The inevitability of change should be top of mind for everyone as 2025 begins. The Federal Reserve could start raising rates again, a new administration with a radical economic agenda is preparing to take power in Washington, D.C., and elevated inflation is still lurking in the background.
Despite the uncertainty that comes with changing times, one piece of personal finance advice remains eternal: Don’t let emotions take over your financial planning. Investors need to shift gears smoothly and comfortably adapt to change, says Rob Williams, managing director of financial planning, retirement income, and wealth management at Charles Schwab.

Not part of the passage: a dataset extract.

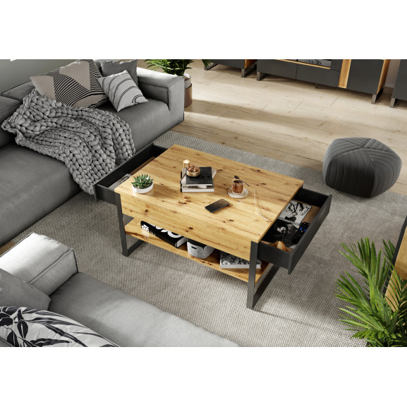 Această soluție înseamnă că va fi întotdeauna un loc pentru o ceașcă de cafea preferată pe blat. Masuta de cafea Minolta este o propunere eleganta si la moda pentru sufragerie si sufragerie moderne. Caracterul distinctiv al mobilierului se datorează picioarelor zvelte, metalice, negru profund, mat și unui decor care imită lemnul natural. Fronturile de sertare fara maner subliniaza senzatia de ordine, iar inchiderea lor comoda este asigurata de sistemul de inchidere soft.

“The reality is that economies and markets are always uncertain,” Williams tells Fortune. “There is never a time where they are not and that is normal, that is human, and that is part of being a successful investor is to be aware of that and to navigate that emotion and to take a long view.”
According to Williams, preparing for a new tax environment, managing concerns about inflation, and bracing for higher risk management costs are three key considerations for the new year. The incoming administration will surely impact all three areas, but having a wealth management plan will help you navigate them smoothly and keep on track to retire comfortably.
“The best way to manage risk and achieve goals is to know your time horizon,” says Williams. “Have a financial plan, or for more affluent investors, a wealth management plan, that’s designed to continue to grow, but also preserve and use your wealth regardless of what occurs in 2025.”
Erin Cox, associate extension specialist for family and community economics at Virginia Cooperative Extension, says no matter your income or financial standing, having an active relationship with your money is paramount. That means setting goals and boundaries sooner rather than later.
“The sooner you can take an in-depth look at your finances and really understand where you’re at and where you want to go, the better,” Cox tells Fortune.